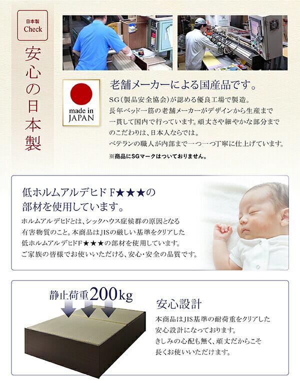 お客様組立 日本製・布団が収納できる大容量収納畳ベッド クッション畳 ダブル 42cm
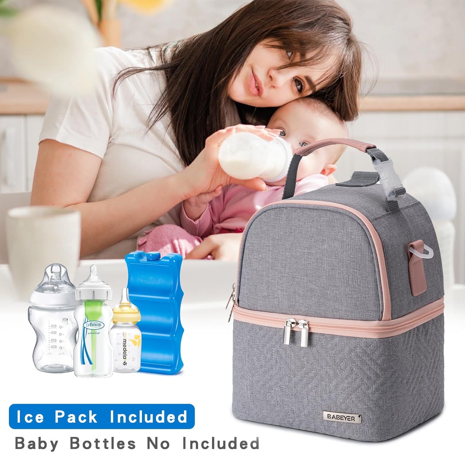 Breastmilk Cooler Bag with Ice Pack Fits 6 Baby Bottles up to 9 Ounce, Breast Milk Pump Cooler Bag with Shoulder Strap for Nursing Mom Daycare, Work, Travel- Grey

= = = =

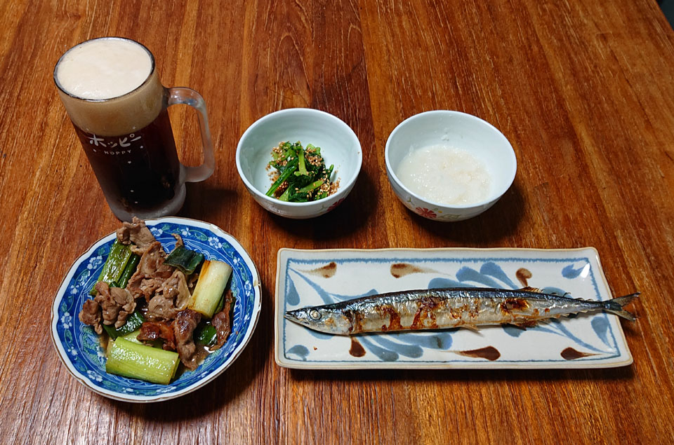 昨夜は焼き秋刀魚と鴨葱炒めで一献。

= = = =

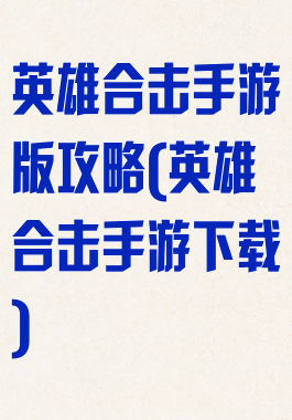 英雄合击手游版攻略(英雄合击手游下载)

= = = =

- **What you are asked to do**
Within the listing above, print exactly the stretch beginning at the line that contains "お客様組立 日本製・布団が収納できる大容量収納畳ベッド クッション畳 ダブル 42cm" and finishing at the line that contains "Breastmilk Cooler Bag", ends kept, pictures left out, and nothing more.

- **Result of the task**
 お客様組立 日本製・布団が収納できる大容量収納畳ベッド クッション畳 ダブル 42cm
 Breastmilk Cooler Bag with Ice Pack Fits 6 Baby Bottles up to 9 Ounce, Breast Milk Pump Cooler Bag with Shoulder Strap for Nursing Mom Daycare, Work, Travel- Grey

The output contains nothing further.